A ‘literal’ translation is the only one that is faithful: it states the meaning of the original, adding as little as possible and losing as little as possible.
Given the example you provided, an epistemic translation butchers the text.
Not in the least: a literal translation adheres to the original literary genre and original worldview. YECists refuse to do that, and most ahteists are equally lazy.
Yes – and they always start with the literal meaning, as the rabbis I’ve known all stated: they insist that unless you start with the literal meaning you’re just making up what you want.
Unless you start with the literal sense of the text, you are tossing that Jewish tradition.
To know that the opening Creation account in Genesis is a royal chronicle, you have to start with the literal meaning. To recognize that the opening Creation account in Genesis is at the same time a temple inauguration account, you also have to start with the literal meaning. To recognize that the opening Creation account in Genesis is a polemic that uses the Egyptian creation story as its outline, you have to start with the literal meaning.
Finding the literal meaning is the hardest part of scholarship because it requires study on the level of a PhD thesis – that’s the only way to grasp what the individual words mean, and what the words mean is the literal meaning.

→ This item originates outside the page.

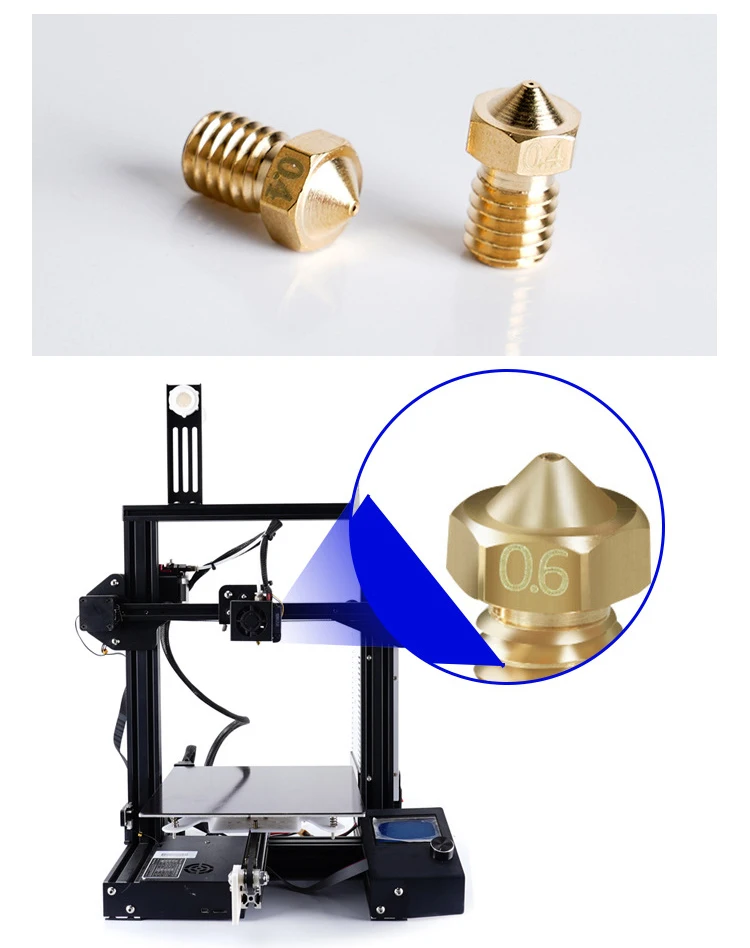 2. Применимость и совместимость: Наши сопла подходят для 3D-принтеров Makerbot Creality CR-10, MK8 Makerbot Reprap Prusa I3, совместимы со всеми 3d-принтерами PLA ABS 1,75 мм. По размеру точно как оригинал.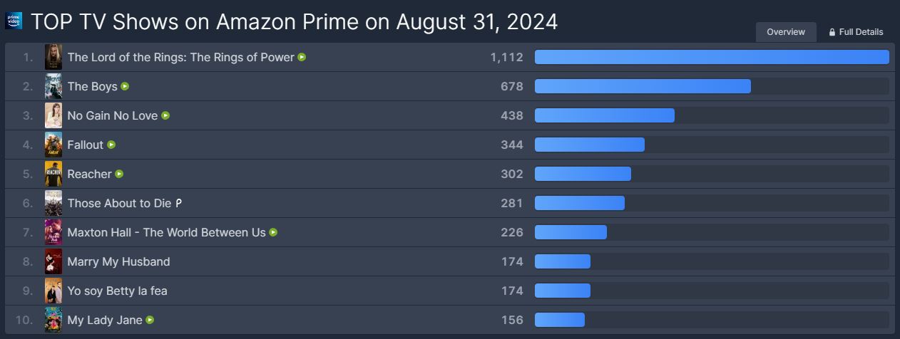 Theo số liệu từ Flix Patrol, mùa hai của The Lord of the Rings: The Rings of Power (Chúa Tể Những Chiếc Nhẫn: Những Chiếc Nhẫn Quyền Năng) đang là bộ phim có lượt xem cao nhất trên toàn thế giới trên Amazone Prime, thống trị 107 quốc gia. Loạt phim được giới phê bình khen ngợi hết lời, ví như Game of Thrones phiên bản thần thoại và đen tối hơn cả mùa trước.

Heck, just grasping the literal meaning of the first word required six years of studying in Hebrew for me to reach that point, plus a couple of hundred additional hours of study, and I’m still not sure I’ve got it right – and that’s before even asking what literary genre it is. Of course along the way I tackled some other terms in that opening Creation account and added a few hundred more hours to study them.
What YECists do is ignore the literal meaning by relying on the English translation and reading it as modern literature from the perspective of a modern worldview. Taking the literal meaning of the text in the biblical language is anathema to them.